The subgroups observed included age (≤62.5 and >62.5 years), sex, CIDP subtype (typical, atypical), time since start of CIDP therapy (≤2 years, >2 years), time since diagnosis (≤3 years, >3 years), number of prior therapies (1 line, 2 lines, ≥3 lines), prior Ig dose, last previous therapy (anti-CD20 therapy, immunosuppressants, FcRn inhibitor, immunoglobulins, plasma exchange, or corticosteroids, baseline plasma neurofilament light (NfL; ≤12.40 pg/mL, 12.40 to 29.60 pg/mL, or ≥29.60 pg/mL), and baseline adjusted Inflammatory Neuropathy Cause and Treatment (aINCAT) scores (≤4 median of the cohort, >4 median of the cohort).
After 24 weeks of treatment, 51.5% (34 of 66) of participants were considered responders, defined as at least a 1-point decrease in aINCAT score, while 36.4% (11 of 66) were stable, and 12.1% of participants relapsed with riliprubart treatment. Overall, similar response rates were observed across the aforementioned subgroups. The number of prior therapies had the largest subgroup differences, as 44.2% of those with 1 prior therapy (n = 43) were considered responders vs 84.6% of those with 2 prior therapies (n = 13). Notably, 40.0% of those with at least 3 or more prior therapies were documented as responders, reinforcing the agent’s efficacy profile.

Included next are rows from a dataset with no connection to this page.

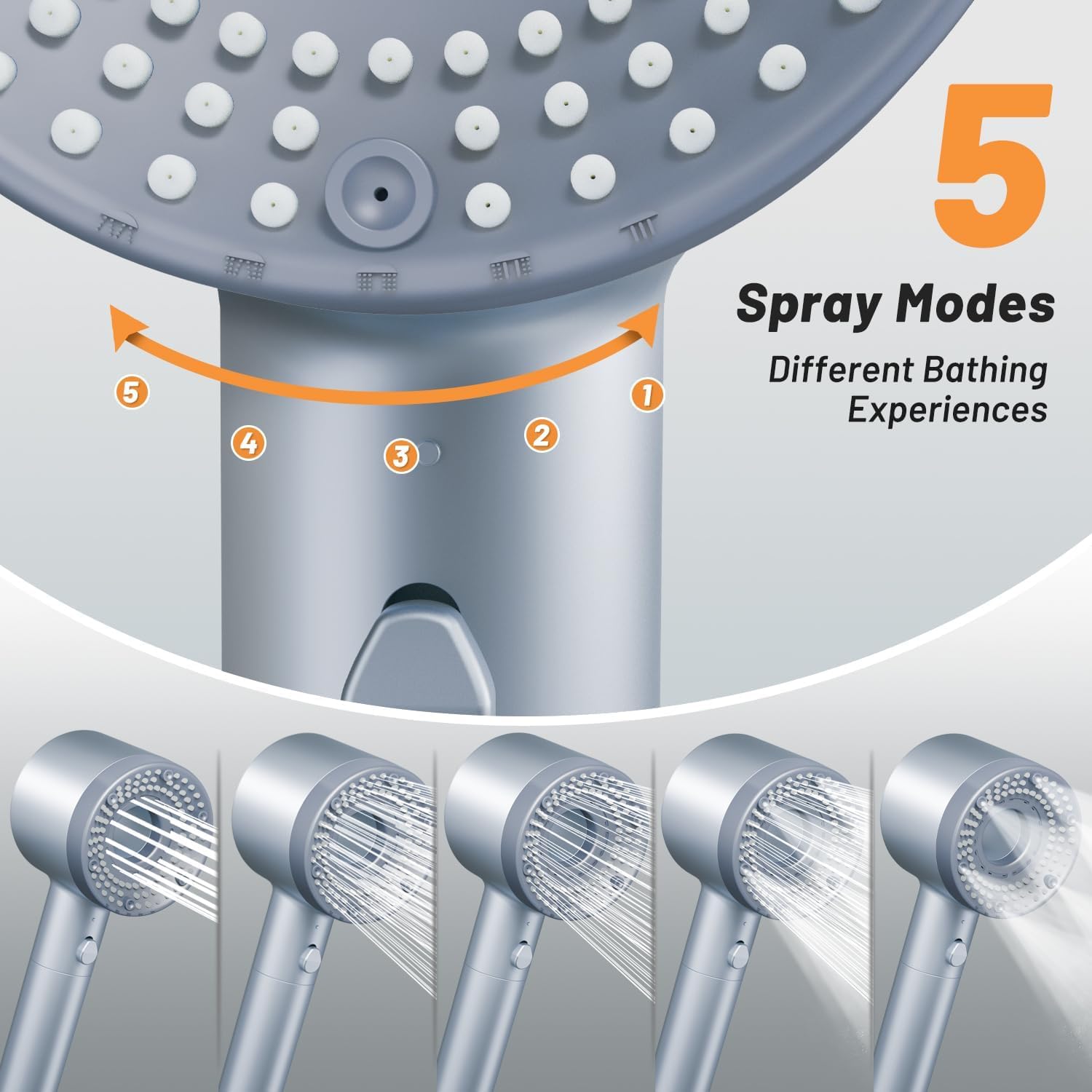 Effortlessly switch between Rain, Spray, Pulse, and Fog modes for a personalized shower experience. Featuring 5-level hydraulic regulation, one-click water stop, and easy-to-clean removable parts, this shower head provides ultimate convenience. Enjoy clean water with the PAC composite filter, and simple maintenance with durable silicone nozzles.
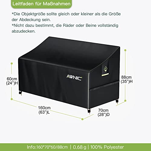 AWNIC Copridivano per panchina da giardino a 3 posti, 160 cm, con prese d'aria, copertura per divano esterno, impermeabile, resistente agli strappi in poliestere
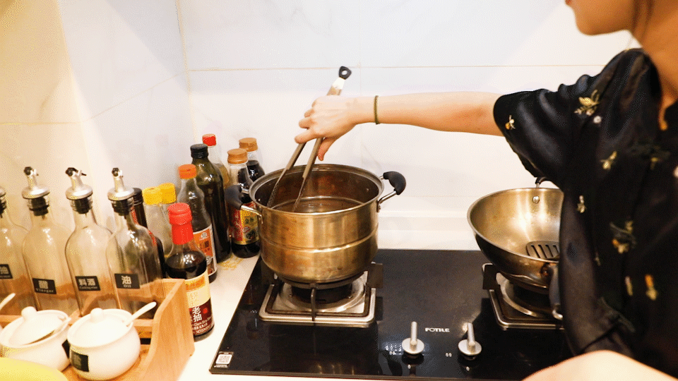 光是把水煮開就煮了10分鐘,然后再煮這個料理包,也要煮10分鐘,雖然一步到位很方便,但二十分鐘真的也有點太久了吧……而且拿出來的時候還有燙手風險:

"Overall, the data is very solid and shows that complement inhibition is effective in CIDP across subgroups over the long-term, in the absence of significant side effects,” study author Luis Querol, MD, PhD, a neurologist at the Hospital de la Santa Creu, in Barcelona, Spain, told NeurologyLive®. "For a disease that fluctuates in general, the efficacy over the long-term was maintained. This means that even though these patients can have fluctuations of the disease, the drug is able to maintain its strength, not leading relapse, or at least not in a significant way."

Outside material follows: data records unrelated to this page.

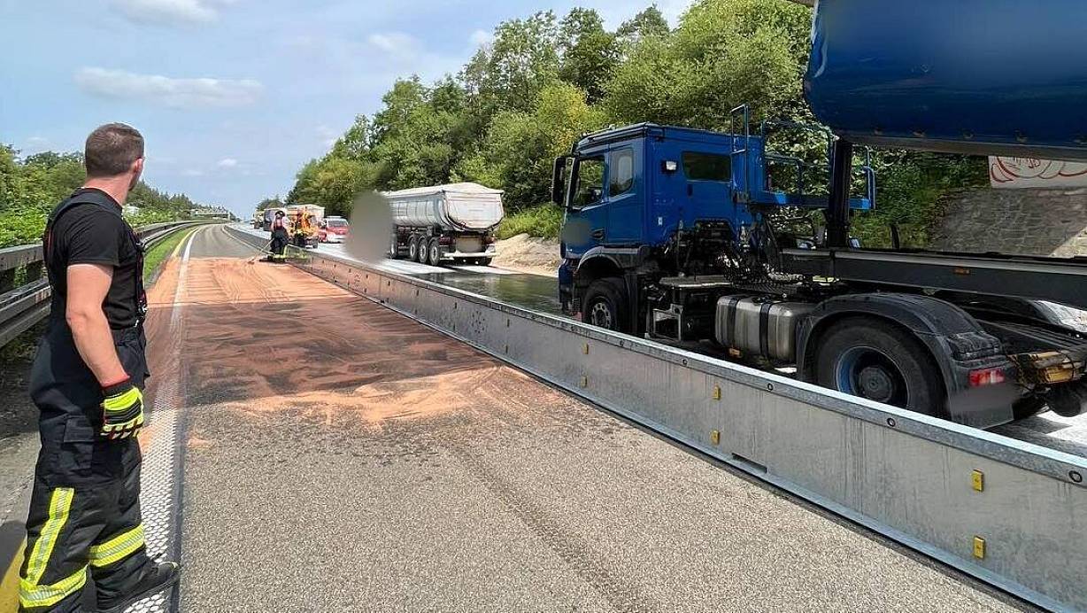 Die Feuerwehr Breuna meldet auf ihrem Social-Media-Kanal, es sei zu einer großflächigen Verunreinigung der Fahrbahn durch herausspritzendes Hydrauliköl gekommen. Auch ein anderes Baustellenfahrzeug sowie ein vorbeifahrender Pkw wurden davon getroffen.
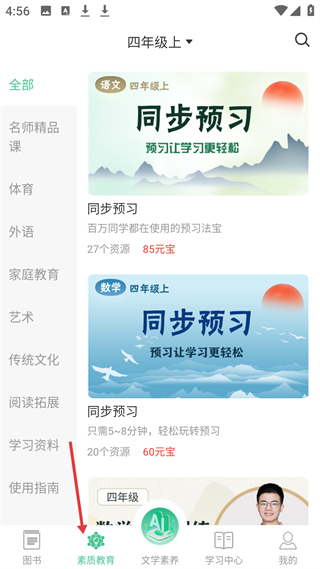 2、素質(zhì)教育頁面,針對四年級上冊,有語文、數(shù)學同步預習資源,分名師精品課、體育等類別,助力預習學習。
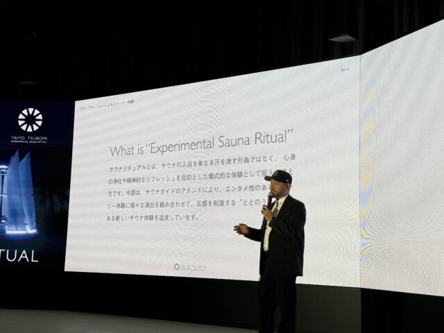 万博サウナの総合プロデューサー”サウナ師匠”こと秋山大輔氏が強調したのは、「EXPERIMENTAL SAUNA RITUAL」。「ととのう」では表現できない唯一無二の”体験”が構築されている。
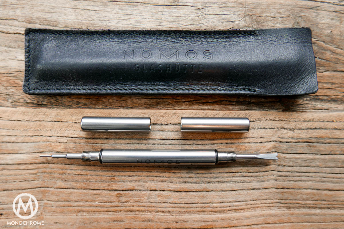 Next is a Nomos goodie bag, containing an enveloppe with product photos, a very nice Nomos pencil, and a tool for changing straps. The pencil is great for daily use, and handy to bring along for business meetings, traveling and to have in your coat’s pocket for whenever it could come in handy.
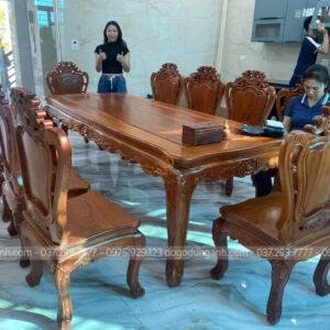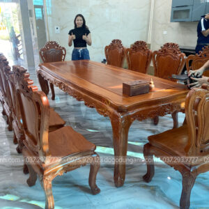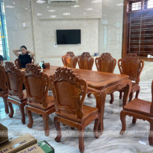 Bộ sản phẩm bao gồm bàn củ lạc và 10 ghế hoàng gia – lựa chọn hoàn hảo cho những ai yêu thích phong cách nội thất tinh tế và đẳng cấp.
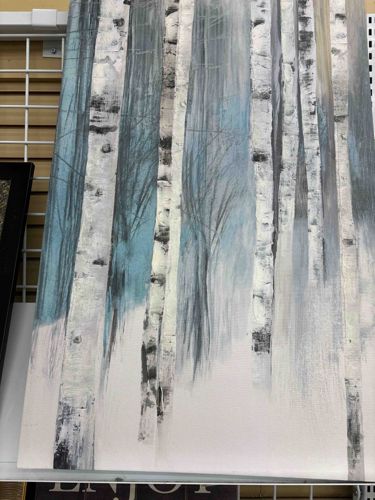 This item is a decorative wall art piece depicting a vertical scene of white birch or aspen trees against a cool-toned background. The work is executed in a contemporary, semi-abstract style with a palette consisting primarily of white, various shades of gray, charcoal, and soft cerulean blue. The composition focuses on the textural elements of the tree bark, utilizing high-contrast black markings (lenticels) against the white trunks to create visual rhythm. The background suggests a misty or snowy environment through vertical brushstrokes and diffused color washes that emulate a winter atmosphere. Construction appears to be a digital giclée print on a textured synthetic canvas, rather than a hand-painted original oil or acrylic, which is characteristic of modern mass-produced home decor. The piece is a 'gallery wrap,' meaning the canvas is stretched over a hidden wooden internal frame with the image continuing around the edges, requiring no external decorative frame. There are no visible artist signatures or maker's marks on the front surface. The condition appears to be excellent with no signs of UV fading, warping of the wooden frame, or abrasions to the canvas surface. Based on the style and typical retail environment, this item likely dates between 2015 and the present day and is intended for commercial or residential interior design.
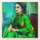 Ein von der KI generiertes Portrait einer introspektiven Frau in einem grünen Kleid
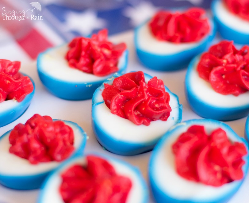 We’d also love to try these red, white, and blue deviled eggs by Singing Through the Rain — so fun for a July 4th party!

READ MORE: CIDP Agent Riliprubart Reduces Neurofilament Light in Phase 2 Subanalysis
On the Inflammatory Rasch-built Overall Disability Scale (I-RODS), responders were defined as those with at least a 4-point increase, while stable patients had no change, and those who “relapsed” had decreases of at least 4 points. At week 24, 43.9% of participants responded, 16.7% were stable, and 39.4% were in the relapse category. Similar to the aINCAT, response rates were consistent across subgroups, with the biggest difference in response rate coming from patients with 1 vs 2 prior therapies (37.2% vs 69.2%).

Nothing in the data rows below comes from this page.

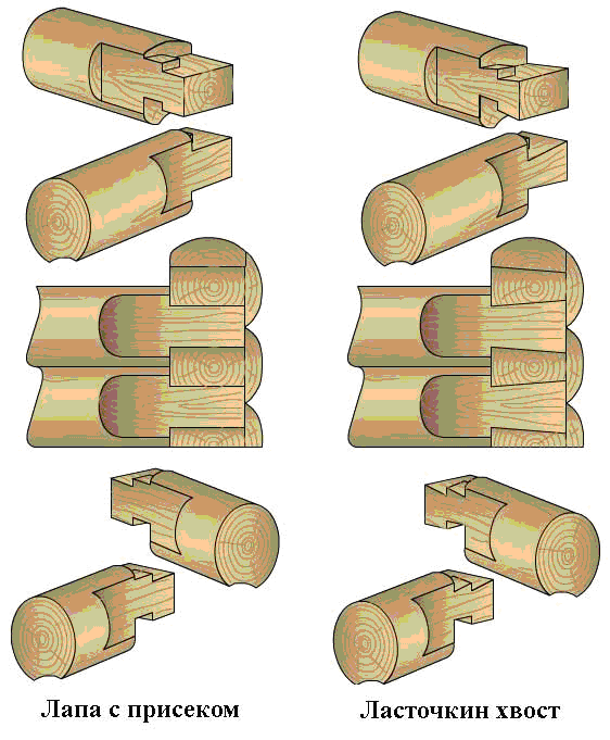Les poutres sont posées en quinconce - comme des briques, de sorte que la queue d'aronde est coupée avec une hache au niveau des barres à travers une rangée pour une meilleure adhérence. Il ne faut pas oublier que le bois doit être de la même section que le matériau de la maison. Ou vous devrez l'ajuster le long du bord extérieur et poser de nombreuses couches de matériau supplémentaire à l'intérieur pour que les murs soient uniformes, sans bosses.
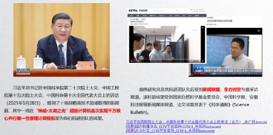 這項工作得到了《新聞聯播》《東方時空》等許多媒體的報道。在今年5月28日的院士大會上,習總書記還提到了它,作為戰略高技術領域取得的新跨越之一。
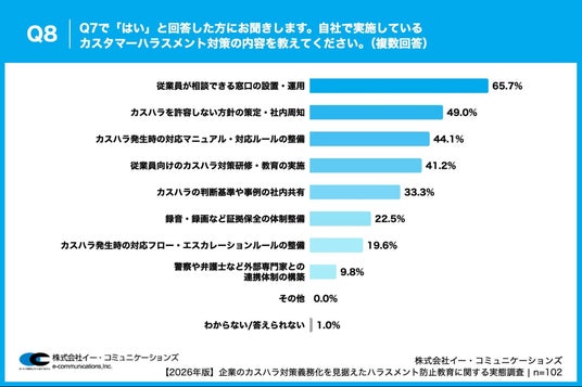 Q8. Q7で「はい」と回答した方にお聞きします。自社で実施しているカスタマーハラスメント対策の内容を教えてください。(複数回答)
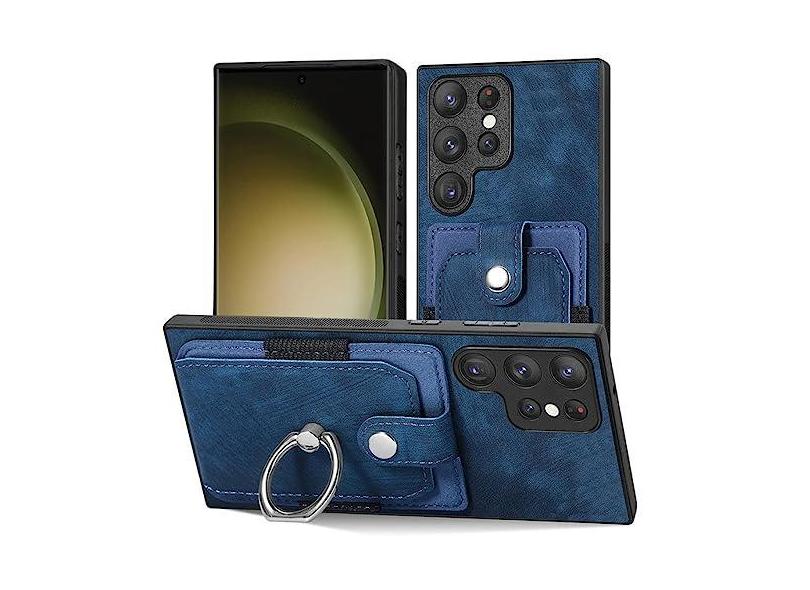 Capa de telefone com slot para cartão de carteira para Samsung Galaxy S21 S20 FE S23 S21 Ultra Plus magnético suporte para anel de dedo capa de couro, azul, para Galaxy S23

At week 24, the percentage of aINCAT responders was numerically higher among those who demonstrated greater reductions in NfL from baseline vs those with lower reductions across SOC-treated and SOC-refractory group. In the SOC-treated group, 69% of those with NfL change of 4.60 pg/mL or more from baseline were considered responders compared with 56% of those with levels between 0.03 and 4.60, and 31% of those with NfL change of 0.03 or less.
For SOC-refractory patients, 67% of patients with at least an 8.30 pg/mL change were considered aINCAT responders vs 50% of those with level changes between 1.10 and 8.30, and 33% of those with reductions of 1.10 or less. When combining SOC-refractory and SOC-treated patients, 68% of those with NfL reductions of 6.30 or more were responders, vs 55% of those with reductions between 0.60 and 6.30, and 32% for those with reductions of 0.60 or less.